Items from a dataset.
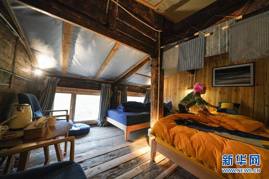 4月7日,板江村村民在一间民宿里整理床铺。云南省文山州广南县板江村是一座有数百年历史的村落,被列入中国传统村落名录。一直以来,由于该村深居山区,交通不便,脱贫任务艰巨。2017年,村里引入民宿、文创和旅游相结合的新型文旅项目,将当地传统村落的建筑载体、日常习俗、节日庆典、手工技艺等活态文化,转化为优质的文化产品,成为助力乡村脱贫致富的新探索。 新华社记者 江宏景摄
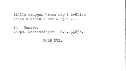//// Stilla skuggor breda sig i kvällen solen släckes i svala sjön . .. //// i //// Sk Genarp• i //// Mskpt. Soldatsånger. E.U* 33654» ! //// ¦ //// NORD MUS. //// 'i ////
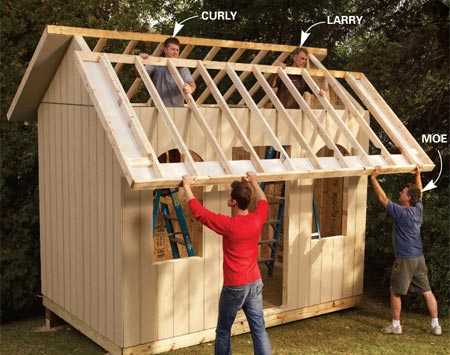- Положите пол и поднимите торцы. Используйте строительный угольник, чтобы проверить углы (все должны быть 90°), а затем подгоняйте крышу. Поднимите панели крыши на место
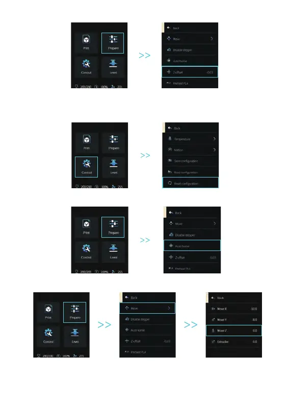 4. Enter “Prepare→Z-offset”, adjust the Z-axis compensation value so that the height from the nozzle to the
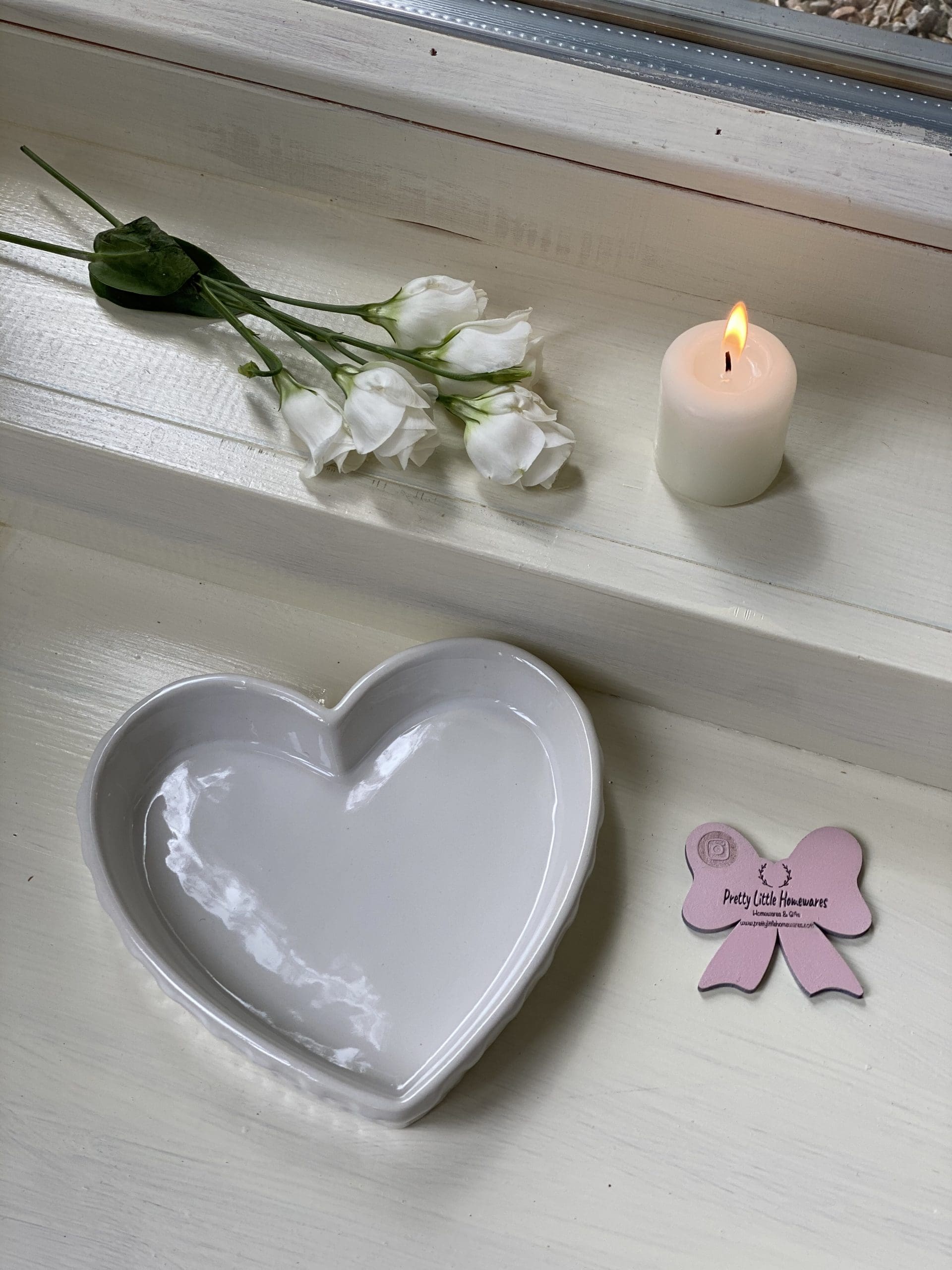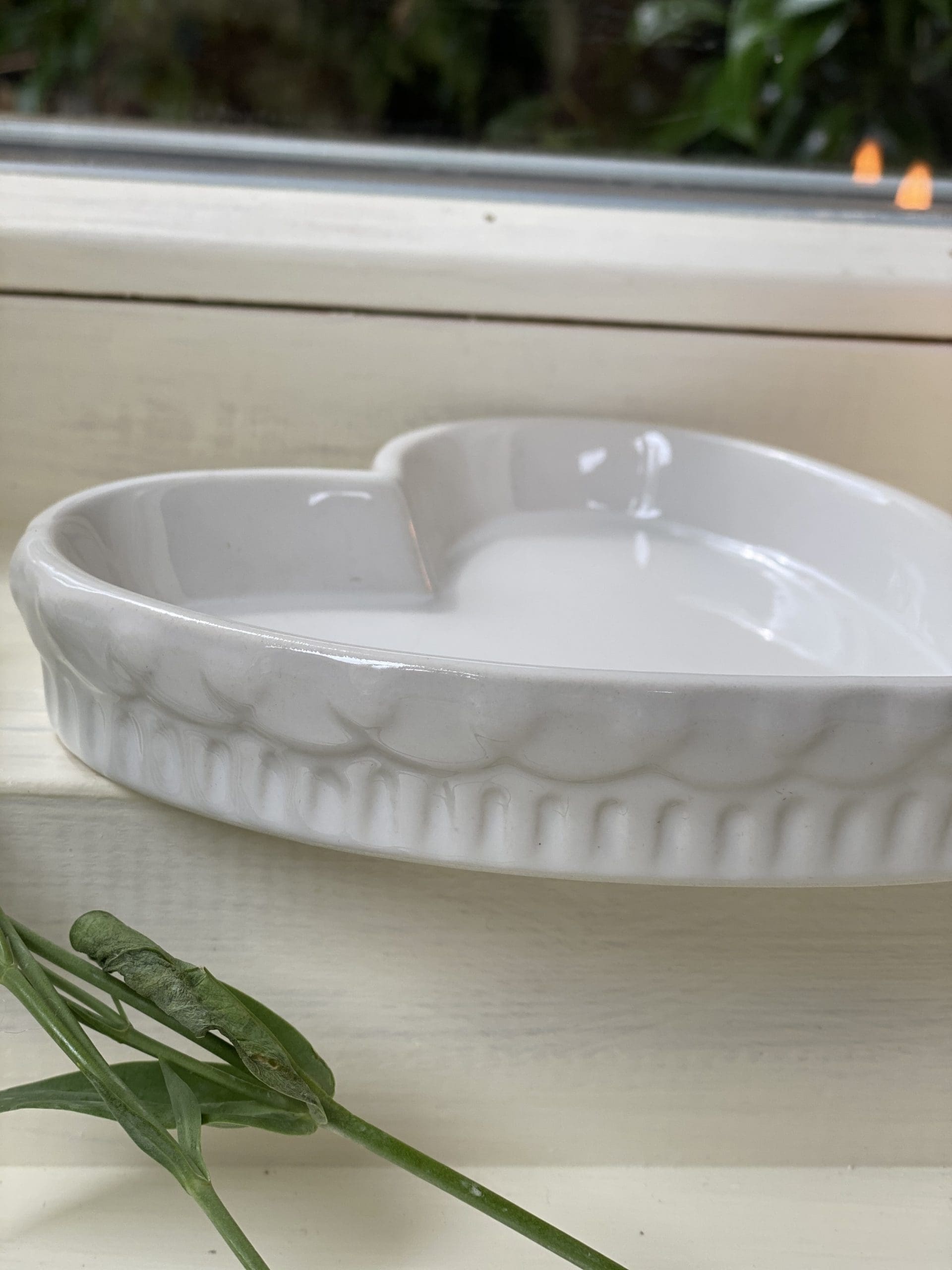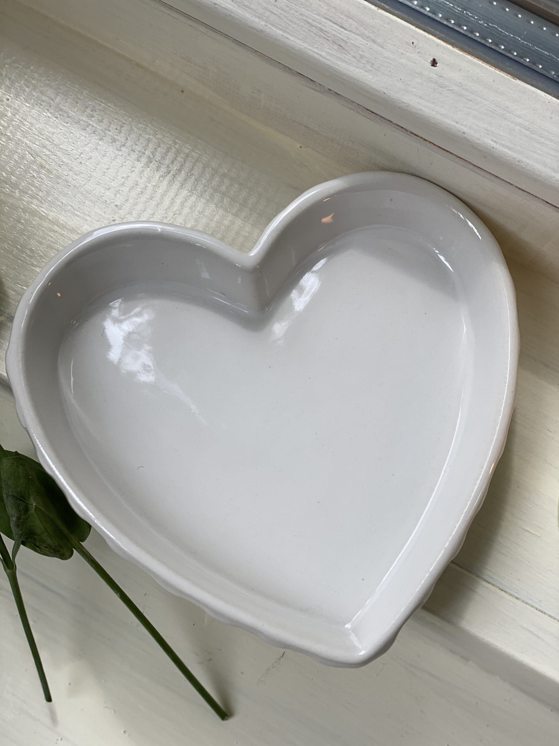 White ceramic heart-shaped dish with small heart detail on the rim. This ceramic dish measures 15cm x 14cm and is 2.5cm deep. Please Note that this product is safe for dishwasher or miccrowave use.

Work to complete. Transcribe all of the records exactly, without reproducing their pictures.

Final answer.
 4月7日,板江村村民在一间民宿里整理床铺。云南省文山州广南县板江村是一座有数百年历史的村落,被列入中国传统村落名录。一直以来,由于该村深居山区,交通不便,脱贫任务艰巨。2017年,村里引入民宿、文创和旅游相结合的新型文旅项目,将当地传统村落的建筑载体、日常习俗、节日庆典、手工技艺等活态文化,转化为优质的文化产品,成为助力乡村脱贫致富的新探索。 新华社记者 江宏景摄
//// Stilla skuggor breda sig i kvällen solen släckes i svala sjön . .. //// i //// Sk Genarp• i //// Mskpt. Soldatsånger. E.U* 33654» ! //// ¦ //// NORD MUS. //// 'i ////
- Положите пол и поднимите торцы. Используйте строительный угольник, чтобы проверить углы (все должны быть 90°), а затем подгоняйте крышу. Поднимите панели крыши на место
 4. Enter “Prepare→Z-offset”, adjust the Z-axis compensation value so that the height from the nozzle to the
 White ceramic heart-shaped dish with small heart detail on the rim. This ceramic dish measures 15cm x 14cm and is 2.5cm deep. Please Note that this product is safe for dishwasher or miccrowave use.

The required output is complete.